--- Data provided ---
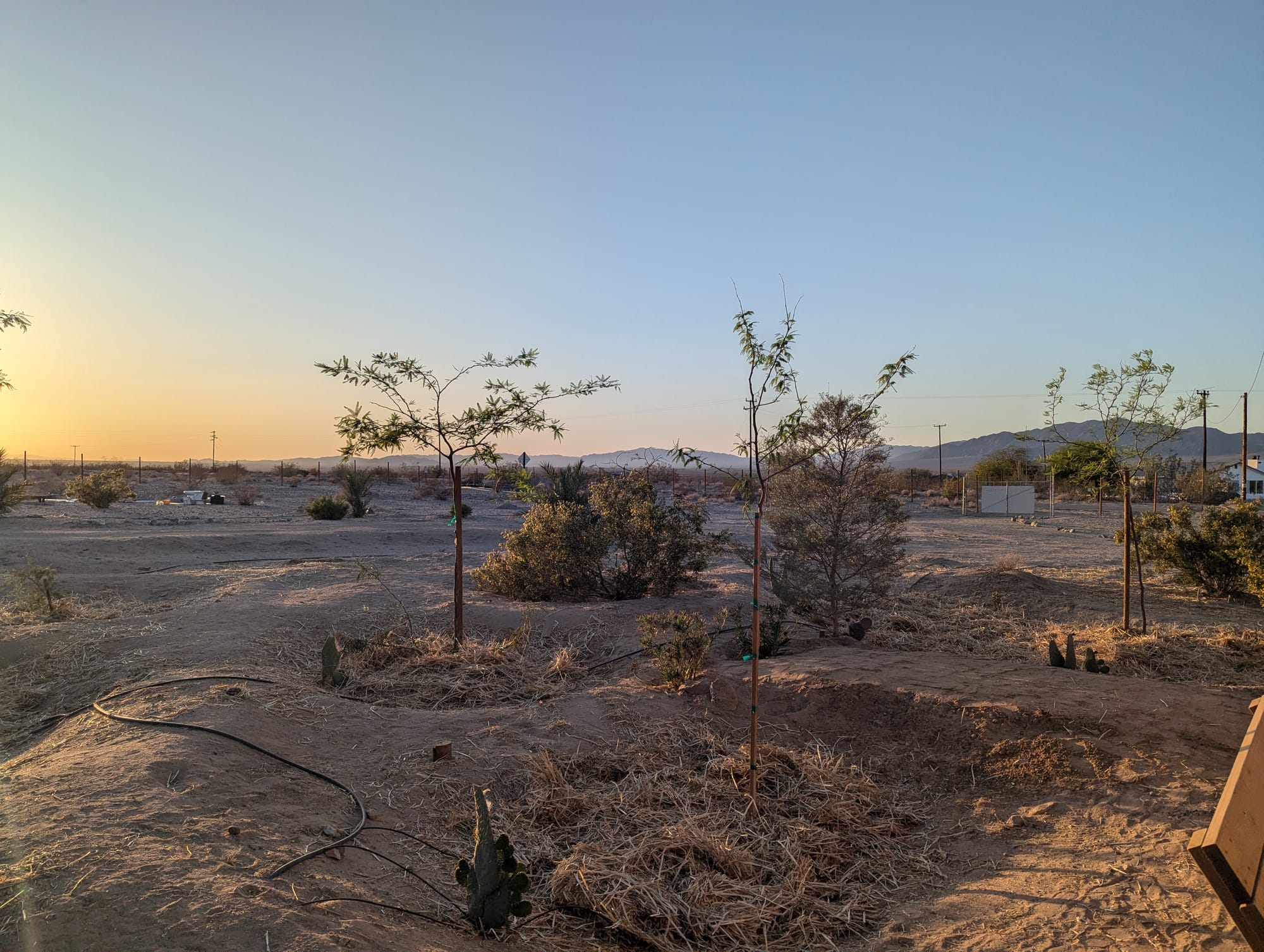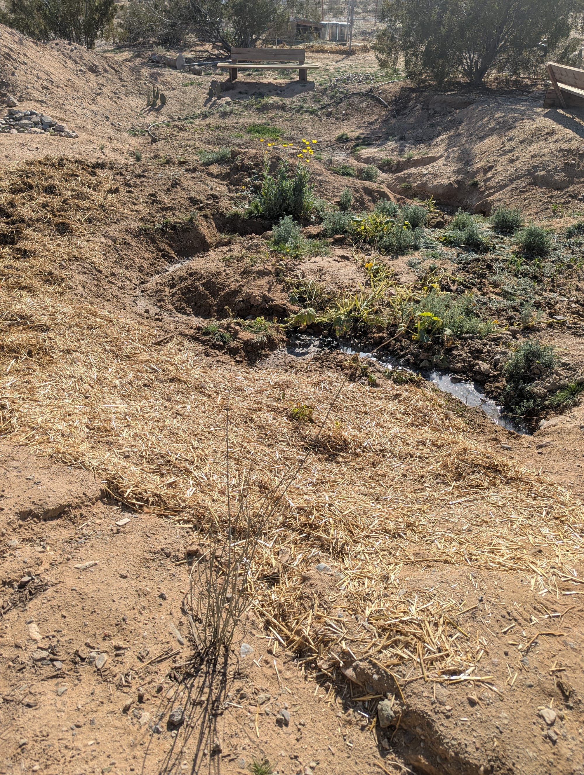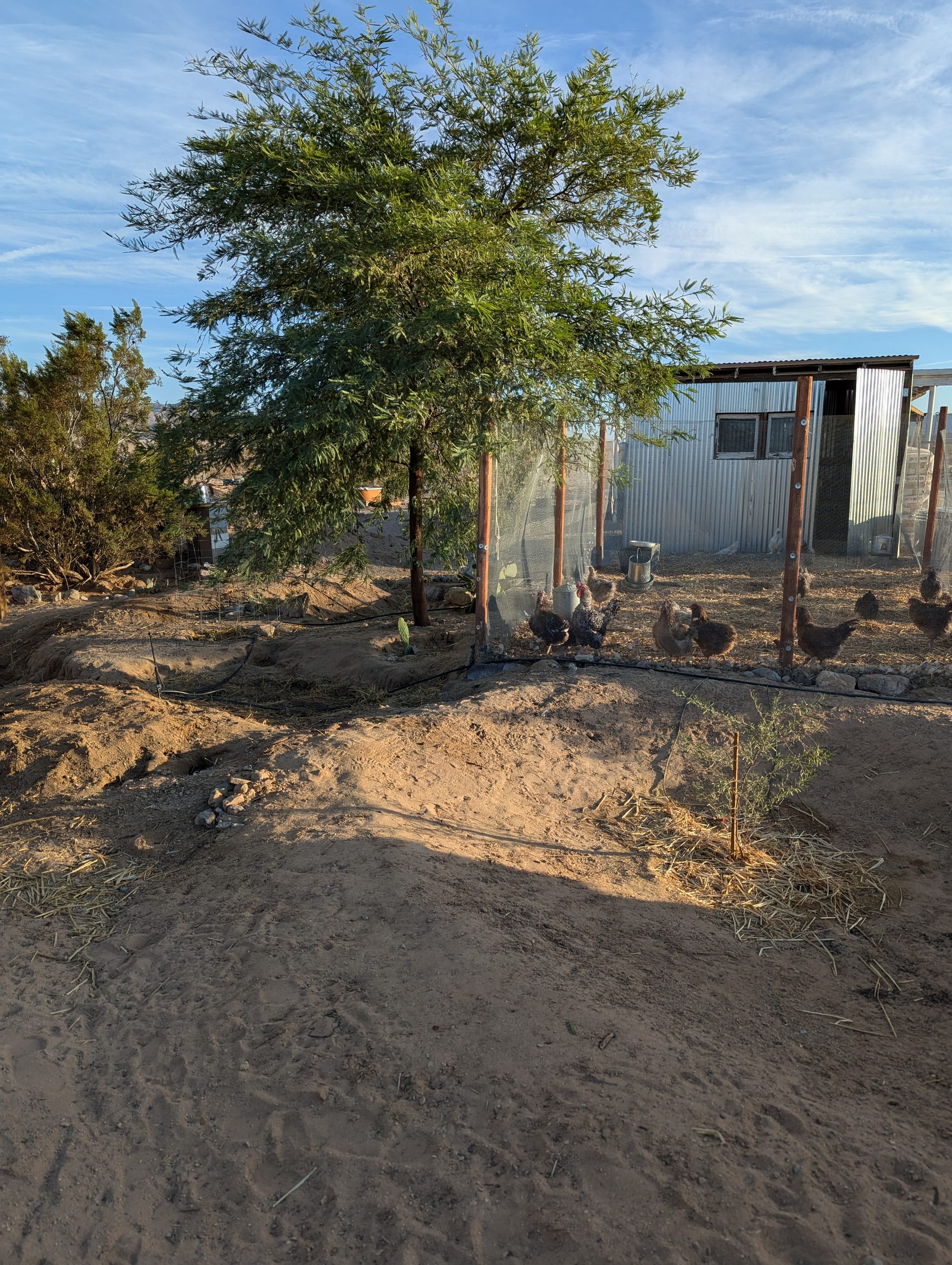 Thinning greens from garden beds in late February 2026, this little boquet of baby greens is salad-ready (after a little rinse)Sunchoke babe February 2026Blooming flax by baby honey mesquite in our new East garden February 2026Heavy rains back in October 2023, photos taken to track water movement and plan earthworksBack in 2023 we took organic waste from local festival Bhakti Fest to aid in sustainable waste management for our community. Here is Starlight pulling trash from unscrupulous festival goers out of the compost material. Blooms in front of the house Fall 2025Greywater basin evolution as of January 2026 with more mature volunteer plants and a deeper channel to permit upward water filtration. A charcoal biofilter has been added before the dropoff with filter plants being grown. Pigs that we also brought home from the homestead that needed to get rid of its stock. They also seem quite pleased with larger, cleaner living quarters (and lots more food!)Turkeys we brought home from a failing homestead. They were in very neglectful conditions but are recovering and seem much more relaxed - they will be food for our working dog in the Spring. One yearling "mama" and her three toms, there is also a young female not pictured. Baby squash on the vine with their blossomsUpdated greywater basin with meandering channels as of December 2025. Winter wheat is sprouting at the far end, and the closer side is getting very green!More and more raptors are returning. This is a coopers hawk scouting the chicken run (he can't get in, don't worry, but that doesn't stop him from taking a peek every now and then). Newly completed (as of November 2025) earthworks amongst in-progress earthworks in our front herb and vegetable garden. We just transplanted this 9 month old Chilean mesquite so it could have a drier home, and the palo verdes behind it have been there for about a year now.Desert milkweed in front of a greywater basin with meandering channels in progress, full of flourishing native and non-native annuals like desert sunflower, cinchweed, spaghetti squash (for future pigs), ricegrass, and others. Some seeds were planted, some washed in during heavy rains and are wild natives. Mixed cover crop, medicinal, and vegetable basinOso protecting his flock this SummerHard to tell in the light, but this egg is purple, courtesy of one of our beloved hensMushrooms fruiting after rain (unknown type)Cowpeas are the champions of the Fall season so farCaesar and Nero (rear) the roosters, all grown upMultiple types of scarab beetles have returnedFlowering velvet mesquite with native bees (not honeybees!) and mothsCarving meandering channels for greywater management, yellow clover for soil cover and restorationSprouting squash in new soil we've built up using some unconventional methodsBlooming Texas Sage, a "non" sage with medicinal propertiesEarthworks in progress near the main house and a gorgeous two year old Chilean mesquite near the chicken runEarthworks in progress and new Chilean mesquite trees. Also shown: prickly pear cacti, an established acacia tree, and freshly planted jojoba in the back right.A tiger wing butterfly on blooming upright rosemaryEggs from our first flock of chickensA rare foggy dayBrooding Naked Neck chicks (about 2 weeks old) in a straw bale enclosure within the chicken coopOur first Chilean mesquite at 2.5 years oldOur first flock of chickens consisting of several different breeds, preparing to come off roost to eatLoyal guardian dog, Diego, taking a rest in the sunshineEmerging stars over the West fenceOur first potato cropLizards are returning to our landbaseA young cockerel (baby rooster)Place-sensible chickens with their long naked necks - this flock will thrive even through our hot summersViolet sage blooming in an infiltration basinStarlight & SiinWhite sage (forward) and screwbean mesquite (rear)Rhode Island Red chicks (our livestock cleanup team) at home in the eggmobileGolden hour in the baby West side forestGolden hour in the baby west side forestThe eggmobile, ready to be moved to livestock yards come FallProvider green beans sproutingBlack walnut and flowering green onions in a greywater basin - veggies in this basin are for genetic selection only (not eating), we'll save their seeds and replant elsewhere.
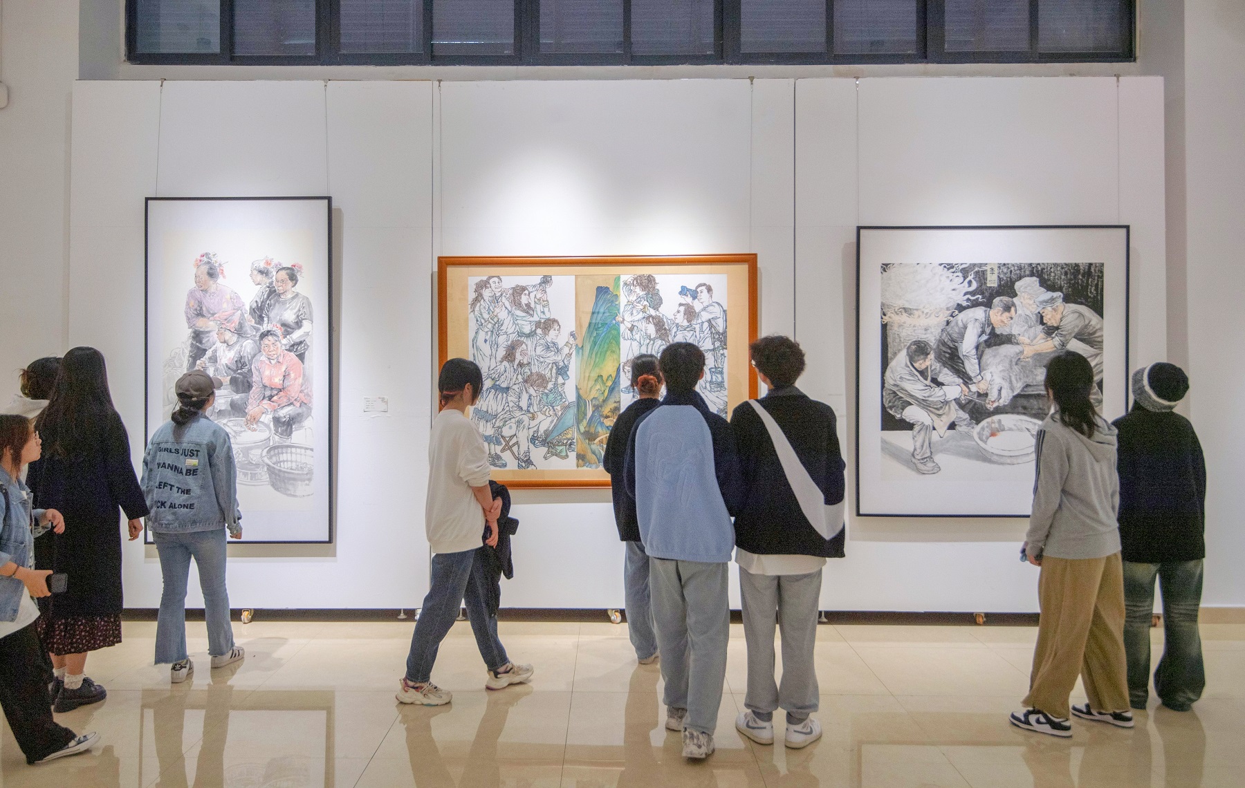 本次展览以“同行·共振”为主题,寓意“与国家同行,与时代共振”。展览面向全校本科生和研究生征稿,经专家组集中评审,评选出一等奖作品9件、二等奖作品23件、三等奖作品39件、优秀奖作品116件。展出的187件作品呈现了学生艺术创作实力和学术创新成果,展示了青年一代学生扎实的艺术功底、敏锐的创作意识和深厚的家国情怀,体现了观照自然、热爱祖国、扎根人民的艺术观与创作观,彰显了学校青年学生的智慧与激情、创造力和想象力。这既是一次学生课程思政以及美育成果的集中展现,也是新时代美术教育“青蓝相接,为往圣继学”的重要对话。
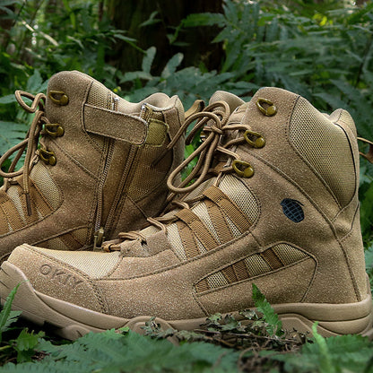 When traversing demanding terrain in rough climates, this Men's High-top Tactical Outdoor Boot Lightweight Military Boot provides superb functionality, arch support, and comfort. Its water-resistant suede leather and nylon fabric upper with fore and back bumper in toe and heel, enhance the hardness and strength, for long-lasting support and water-resistance. Durable, lightweight, breathable, strong grip and protective, all in one. Whether in jungle, desert or in duty work, you’ll need these boots to provide you maximum comfort and long-lasting. Tactical design with urban fashion style, making it practical to outdoor and city life.
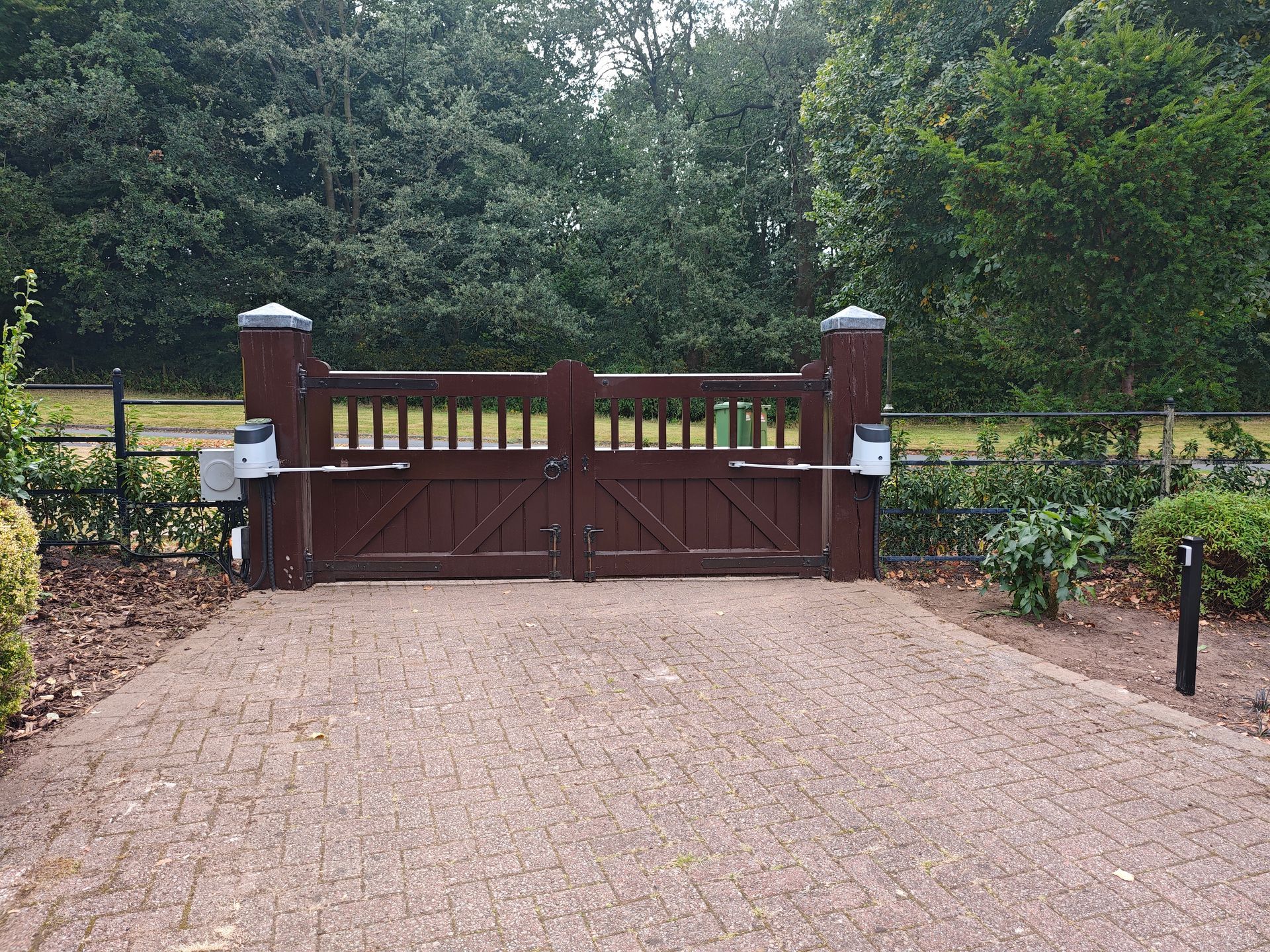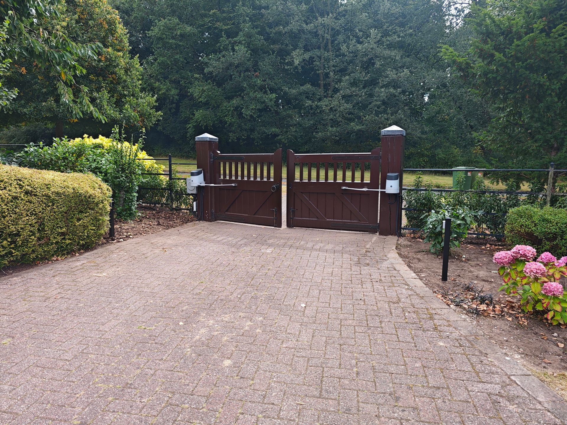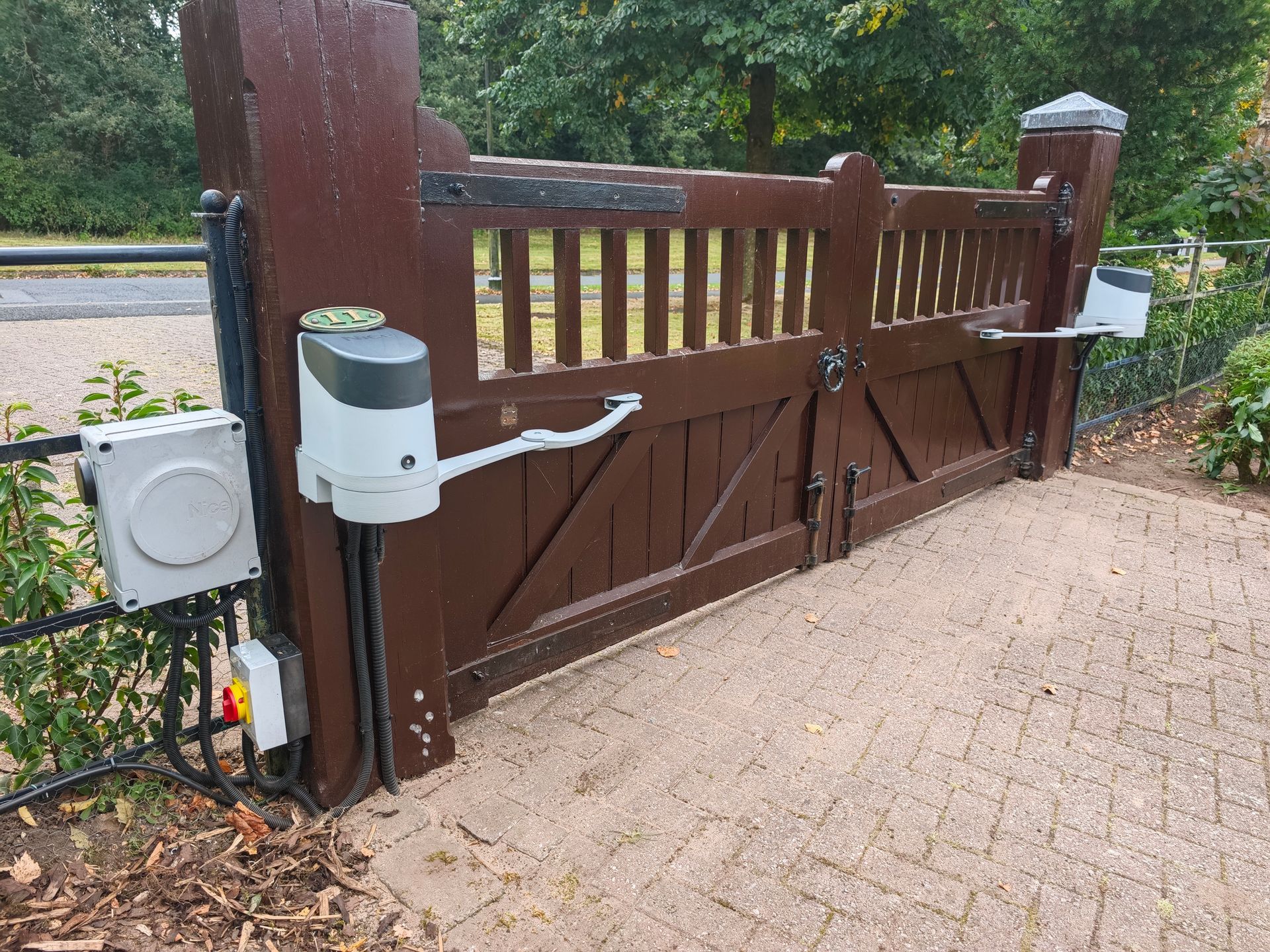 Nice Hopp 24volt articulated motors installed to these existing timber gates. An AES Opyn audio video GSM intercom was also installed giving the customer full control over who has access with dial to open function, user specific keypad codes and QR codes.
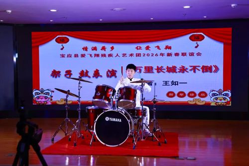 爱飞翔残疾人艺术团的团员们也带来精彩演绎:架子鼓表演《万里长城永不倒》节奏铿锵、气势如虹,展现出不屈不挠的生命力量;电吹管演奏婉转悠扬,葫芦丝独奏《渔歌》意境悠远,民乐合奏《喜洋洋》喜庆祥和,将传统韵律与生活热爱完美融合;歌曲《搀扶》情真意切,歌伴舞《梦里水乡》柔美雅致,女声独唱《梨花颂》韵味悠长,每一个节目都凝聚着团员们的汗水与坚持,用艺术诠释着对生活的热爱、对梦想的追求。
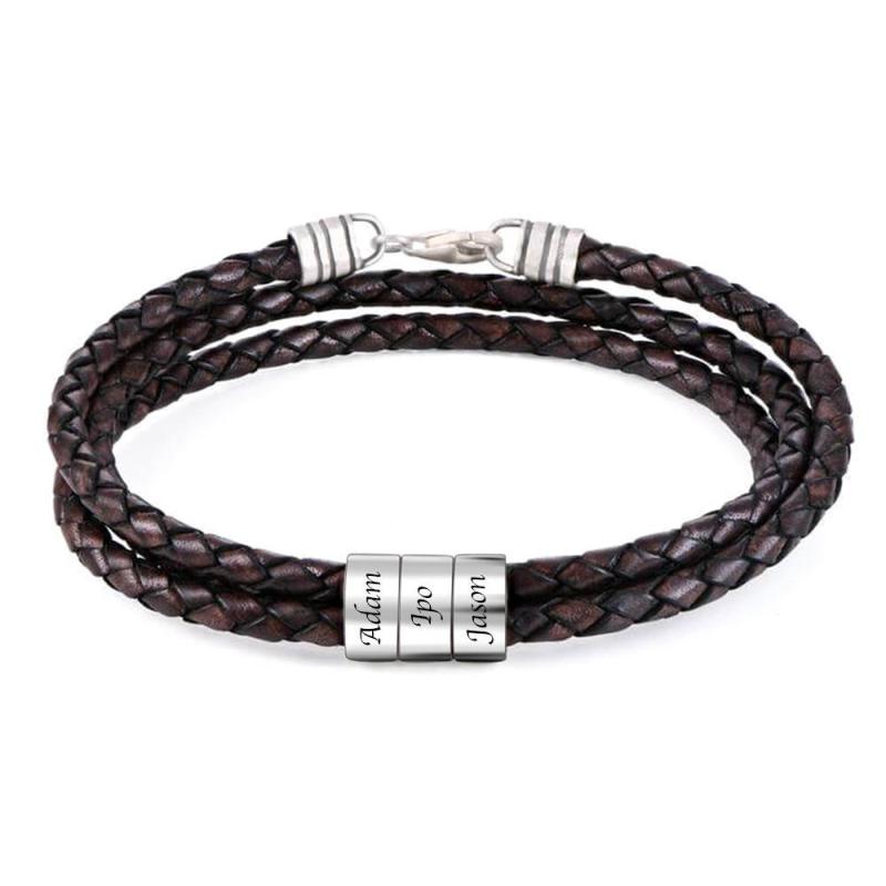 Personalisierte Namen Herren Armband mit Benutzerdefinierten Gravur Perlen Armreif Flechtseil Leder Schwarz Armbände
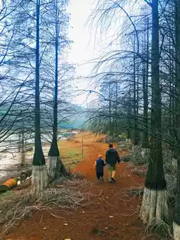Two ultra-niche spots with incredible atmosphere. Two days of rain left the already vague routes shrouded in mist. After some exploration, we found Daxi Reservoir—a literal ink-wash painting. The dried-up water revealed redwood roots rarely seen in summer. More like wetlands than a reservoir, the soft ground and foggy backdrop made it feel like wandering through a painting.
---
▸ **What this task involves**:
Starting at the line that contains "When traversing demanding", retype each line through the final one in the listing, with both ends kept and the pictures omitted.

▸ **Answer section**:
 When traversing demanding terrain in rough climates, this Men's High-top Tactical Outdoor Boot Lightweight Military Boot provides superb functionality, arch support, and comfort. Its water-resistant suede leather and nylon fabric upper with fore and back bumper in toe and heel, enhance the hardness and strength, for long-lasting support and water-resistance. Durable, lightweight, breathable, strong grip and protective, all in one. Whether in jungle, desert or in duty work, you’ll need these boots to provide you maximum comfort and long-lasting. Tactical design with urban fashion style, making it practical to outdoor and city life.
 Nice Hopp 24volt articulated motors installed to these existing timber gates. An AES Opyn audio video GSM intercom was also installed giving the customer full control over who has access with dial to open function, user specific keypad codes and QR codes.
 爱飞翔残疾人艺术团的团员们也带来精彩演绎:架子鼓表演《万里长城永不倒》节奏铿锵、气势如虹,展现出不屈不挠的生命力量;电吹管演奏婉转悠扬,葫芦丝独奏《渔歌》意境悠远,民乐合奏《喜洋洋》喜庆祥和,将传统韵律与生活热爱完美融合;歌曲《搀扶》情真意切,歌伴舞《梦里水乡》柔美雅致,女声独唱《梨花颂》韵味悠长,每一个节目都凝聚着团员们的汗水与坚持,用艺术诠释着对生活的热爱、对梦想的追求。
 Personalisierte Namen Herren Armband mit Benutzerdefinierten Gravur Perlen Armreif Flechtseil Leder Schwarz Armbände
Two ultra-niche spots with incredible atmosphere. Two days of rain left the already vague routes shrouded in mist. After some exploration, we found Daxi Reservoir—a literal ink-wash painting. The dried-up water revealed redwood roots rarely seen in summer. More like wetlands than a reservoir, the soft ground and foggy backdrop made it feel like wandering through a painting.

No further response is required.